Wednesday, 20 April 2016

Race to Cradock - Baroda to Newlands

Big trucks passing at speed are intimidating when you have spent two days riding through areas so remote that many hours pass without seeing any vehicles or even people. We rode down the tar keeping an eye out for the rumbling monsters that lumbered passed at regular intervals. As they drew close we slowed down and moved well clear of the road.

The turnoff toward Spekboomberg offered relief from the trucks. We progressed along this dirt track without incident until we had to make our way between the outbuildings and staff housing of a farm. I followed Casper down a road that quickly became a little scratchy. I called him to a stop and after a short consultation doubled back and found the right track that would take us to the entrance of the game reserve.

A sign on the reserve gate warned people entering the reserve to watch out for dangerous animals. I can attest from personal experience that suchlike animals do in fact exist in that reserve. I had an uncomfortable standoff a few years ago in the dead of night. I wasn't looking forward to a repeat performance. My anxiety levels served to keep any thought of sleep at bay. I breathed a sigh of relief when the exit gate closed behind me.

Once through the reserve we had a short section of tar before the last dirt road that would take us to the new support station at Newlands farm. Five minutes short of the support station I started falling asleep. I tried walking a bit to stave off the sleep monsters but to no effect. You would think that you could force yourself to stay awake for just 5 minutes. After all, 5 minutes is nothing. In spite of trying to reason with myself I couldn't move forward. The power nap is the perfect solution for situations like that. But 5 minutes short of a support station - really! The only solution was to flip over and feed the monsters. I gave them a solid 5 minutes at the trough before we got back on our bikes and rode through to the house.
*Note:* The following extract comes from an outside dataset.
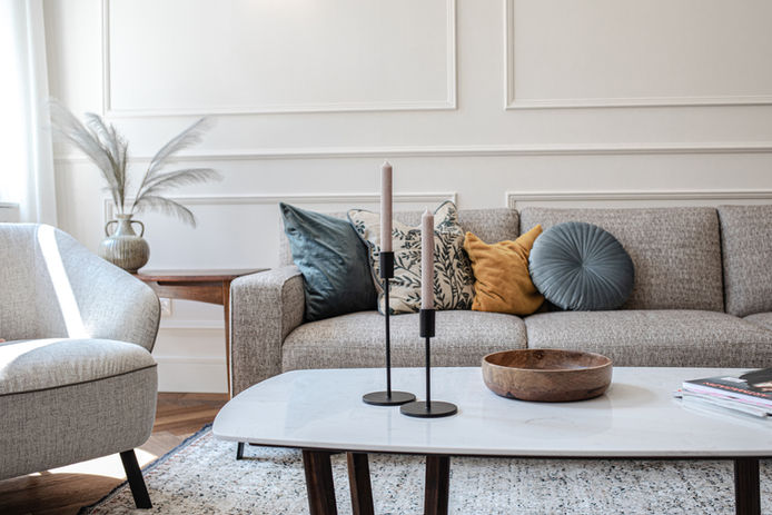 This 3rd-floor apartment (accessible by elevator) has been thoughtfully designed in a modern, tasteful style with clean lines and warm tones.

It was 00:50. The first thing we noticed was the array of bikes propped up against the back stoep. It seemed there was quite a contingent snuggled down for the night. The second noticeable event was meeting the support station host. I'm bad with names so I can't remember her name. What I do remember is the fast and friendly service we got. It was efficient and delivered with no fuss. In 15 minutes bottles and bodies were replenished and we were back out on the trail. Try pitching up at a strangers place in the city for 15 minutes the wrong side of midnight and see what the reception is like. The folk who man the support stations along the length of the Freedom Trail are cut from very special cloth.